WHAT NEEDS TO BE DONE |
Repeat the records exactly. Every line must match.
Segment Open
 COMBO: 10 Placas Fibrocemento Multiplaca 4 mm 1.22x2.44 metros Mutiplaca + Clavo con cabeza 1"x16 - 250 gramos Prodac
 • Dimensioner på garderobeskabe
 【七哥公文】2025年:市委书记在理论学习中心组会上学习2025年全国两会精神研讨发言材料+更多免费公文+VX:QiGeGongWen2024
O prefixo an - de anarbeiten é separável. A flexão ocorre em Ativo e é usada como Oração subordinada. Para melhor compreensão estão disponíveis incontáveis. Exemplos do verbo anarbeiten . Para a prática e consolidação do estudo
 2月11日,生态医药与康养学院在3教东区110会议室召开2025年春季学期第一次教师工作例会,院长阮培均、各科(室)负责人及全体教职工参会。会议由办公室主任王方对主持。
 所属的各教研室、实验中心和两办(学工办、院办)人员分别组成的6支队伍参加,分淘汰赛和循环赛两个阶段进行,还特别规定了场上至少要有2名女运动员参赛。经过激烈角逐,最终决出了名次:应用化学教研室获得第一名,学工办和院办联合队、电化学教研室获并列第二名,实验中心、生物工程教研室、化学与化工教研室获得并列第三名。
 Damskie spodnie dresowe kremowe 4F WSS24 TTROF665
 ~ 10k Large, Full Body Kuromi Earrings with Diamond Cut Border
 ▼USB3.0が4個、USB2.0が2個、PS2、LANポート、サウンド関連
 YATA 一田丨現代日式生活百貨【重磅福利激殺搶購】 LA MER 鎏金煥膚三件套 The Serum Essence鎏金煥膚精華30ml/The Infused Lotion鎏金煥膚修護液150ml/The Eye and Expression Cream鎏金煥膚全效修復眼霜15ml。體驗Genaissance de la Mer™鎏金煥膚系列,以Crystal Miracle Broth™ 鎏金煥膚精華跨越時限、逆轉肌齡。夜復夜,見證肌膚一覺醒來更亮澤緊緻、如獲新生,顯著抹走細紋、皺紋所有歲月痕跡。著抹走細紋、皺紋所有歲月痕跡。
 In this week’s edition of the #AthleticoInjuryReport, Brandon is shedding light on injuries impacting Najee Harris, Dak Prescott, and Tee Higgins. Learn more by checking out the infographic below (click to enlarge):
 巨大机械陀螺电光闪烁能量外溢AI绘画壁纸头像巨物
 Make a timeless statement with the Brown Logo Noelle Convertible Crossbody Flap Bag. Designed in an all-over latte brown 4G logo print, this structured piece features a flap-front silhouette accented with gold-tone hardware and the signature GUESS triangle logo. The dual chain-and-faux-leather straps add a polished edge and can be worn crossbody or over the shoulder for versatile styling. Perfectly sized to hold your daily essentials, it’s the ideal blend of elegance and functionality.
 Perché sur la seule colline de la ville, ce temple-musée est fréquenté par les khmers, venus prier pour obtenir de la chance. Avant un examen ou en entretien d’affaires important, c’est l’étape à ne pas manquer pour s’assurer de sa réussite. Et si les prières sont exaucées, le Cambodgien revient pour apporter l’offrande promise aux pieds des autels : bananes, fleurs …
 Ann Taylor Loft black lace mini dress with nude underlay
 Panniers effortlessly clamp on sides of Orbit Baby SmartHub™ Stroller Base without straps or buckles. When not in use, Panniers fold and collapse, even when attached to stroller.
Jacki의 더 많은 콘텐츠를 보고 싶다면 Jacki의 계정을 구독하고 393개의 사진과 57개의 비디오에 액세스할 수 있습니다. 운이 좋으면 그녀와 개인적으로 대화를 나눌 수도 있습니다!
Segment Closed
ANSWER BOX |
 COMBO: 10 Placas Fibrocemento Multiplaca 4 mm 1.22x2.44 metros Mutiplaca + Clavo con cabeza 1"x16 - 250 gramos Prodac
 • Dimensioner på garderobeskabe
 【七哥公文】2025年:市委书记在理论学习中心组会上学习2025年全国两会精神研讨发言材料+更多免费公文+VX:QiGeGongWen2024
O prefixo an - de anarbeiten é separável. A flexão ocorre em Ativo e é usada como Oração subordinada. Para melhor compreensão estão disponíveis incontáveis. Exemplos do verbo anarbeiten . Para a prática e consolidação do estudo
 2月11日,生态医药与康养学院在3教东区110会议室召开2025年春季学期第一次教师工作例会,院长阮培均、各科(室)负责人及全体教职工参会。会议由办公室主任王方对主持。
 所属的各教研室、实验中心和两办(学工办、院办)人员分别组成的6支队伍参加,分淘汰赛和循环赛两个阶段进行,还特别规定了场上至少要有2名女运动员参赛。经过激烈角逐,最终决出了名次:应用化学教研室获得第一名,学工办和院办联合队、电化学教研室获并列第二名,实验中心、生物工程教研室、化学与化工教研室获得并列第三名。
 Damskie spodnie dresowe kremowe 4F WSS24 TTROF665
 ~ 10k Large, Full Body Kuromi Earrings with Diamond Cut Border
 ▼USB3.0が4個、USB2.0が2個、PS2、LANポート、サウンド関連
 YATA 一田丨現代日式生活百貨【重磅福利激殺搶購】 LA MER 鎏金煥膚三件套 The Serum Essence鎏金煥膚精華30ml/The Infused Lotion鎏金煥膚修護液150ml/The Eye and Expression Cream鎏金煥膚全效修復眼霜15ml。體驗Genaissance de la Mer™鎏金煥膚系列,以Crystal Miracle Broth™ 鎏金煥膚精華跨越時限、逆轉肌齡。夜復夜,見證肌膚一覺醒來更亮澤緊緻、如獲新生,顯著抹走細紋、皺紋所有歲月痕跡。著抹走細紋、皺紋所有歲月痕跡。
 In this week’s edition of the #AthleticoInjuryReport, Brandon is shedding light on injuries impacting Najee Harris, Dak Prescott, and Tee Higgins. Learn more by checking out the infographic below (click to enlarge):
 巨大机械陀螺电光闪烁能量外溢AI绘画壁纸头像巨物
 Make a timeless statement with the Brown Logo Noelle Convertible Crossbody Flap Bag. Designed in an all-over latte brown 4G logo print, this structured piece features a flap-front silhouette accented with gold-tone hardware and the signature GUESS triangle logo. The dual chain-and-faux-leather straps add a polished edge and can be worn crossbody or over the shoulder for versatile styling. Perfectly sized to hold your daily essentials, it’s the ideal blend of elegance and functionality.
 Perché sur la seule colline de la ville, ce temple-musée est fréquenté par les khmers, venus prier pour obtenir de la chance. Avant un examen ou en entretien d’affaires important, c’est l’étape à ne pas manquer pour s’assurer de sa réussite. Et si les prières sont exaucées, le Cambodgien revient pour apporter l’offrande promise aux pieds des autels : bananes, fleurs …
 Ann Taylor Loft black lace mini dress with nude underlay
 Panniers effortlessly clamp on sides of Orbit Baby SmartHub™ Stroller Base without straps or buckles. When not in use, Panniers fold and collapse, even when attached to stroller.
Jacki의 더 많은 콘텐츠를 보고 싶다면 Jacki의 계정을 구독하고 393개의 사진과 57개의 비디오에 액세스할 수 있습니다. 운이 좋으면 그녀와 개인적으로 대화를 나눌 수도 있습니다!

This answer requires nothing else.